__To do__:
Below are some entries. Transcribe the lines from the one holding "Der Sensor hatte" to the one holding "An aerial drone", inclusive, but not the pictures among them.

__Provided information__:
________________________

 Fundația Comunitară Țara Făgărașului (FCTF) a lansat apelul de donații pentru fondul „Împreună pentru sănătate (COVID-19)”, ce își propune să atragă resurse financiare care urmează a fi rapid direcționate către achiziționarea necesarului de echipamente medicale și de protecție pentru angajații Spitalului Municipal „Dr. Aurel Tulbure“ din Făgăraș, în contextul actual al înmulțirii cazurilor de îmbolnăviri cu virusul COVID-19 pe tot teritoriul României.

________________________

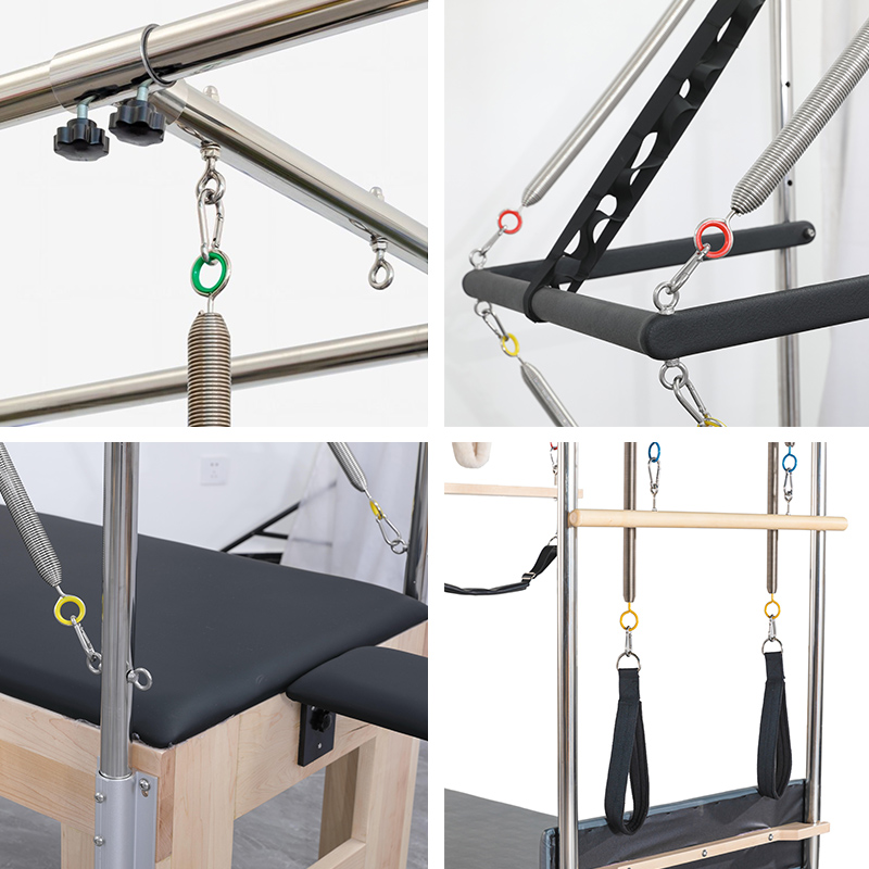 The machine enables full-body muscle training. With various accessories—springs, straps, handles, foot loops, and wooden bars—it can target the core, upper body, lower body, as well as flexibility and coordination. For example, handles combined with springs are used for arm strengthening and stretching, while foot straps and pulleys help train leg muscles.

________________________

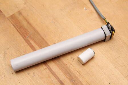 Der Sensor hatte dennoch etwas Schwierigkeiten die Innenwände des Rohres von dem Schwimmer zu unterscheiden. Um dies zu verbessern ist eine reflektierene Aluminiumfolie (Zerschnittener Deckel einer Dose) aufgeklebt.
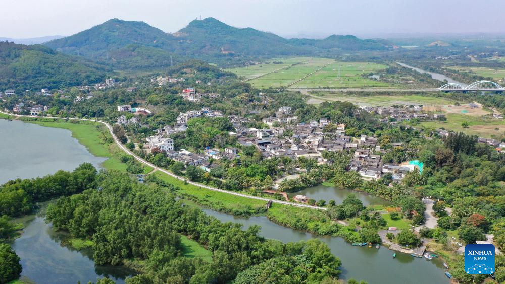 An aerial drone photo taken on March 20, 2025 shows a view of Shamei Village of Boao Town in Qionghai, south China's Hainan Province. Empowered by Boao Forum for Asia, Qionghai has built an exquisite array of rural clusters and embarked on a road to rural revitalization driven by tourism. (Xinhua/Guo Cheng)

________________________

__Answer to the problem__:
 Der Sensor hatte dennoch etwas Schwierigkeiten die Innenwände des Rohres von dem Schwimmer zu unterscheiden. Um dies zu verbessern ist eine reflektierene Aluminiumfolie (Zerschnittener Deckel einer Dose) aufgeklebt.
 An aerial drone photo taken on March 20, 2025 shows a view of Shamei Village of Boao Town in Qionghai, south China's Hainan Province. Empowered by Boao Forum for Asia, Qionghai has built an exquisite array of rural clusters and embarked on a road to rural revitalization driven by tourism. (Xinhua/Guo Cheng)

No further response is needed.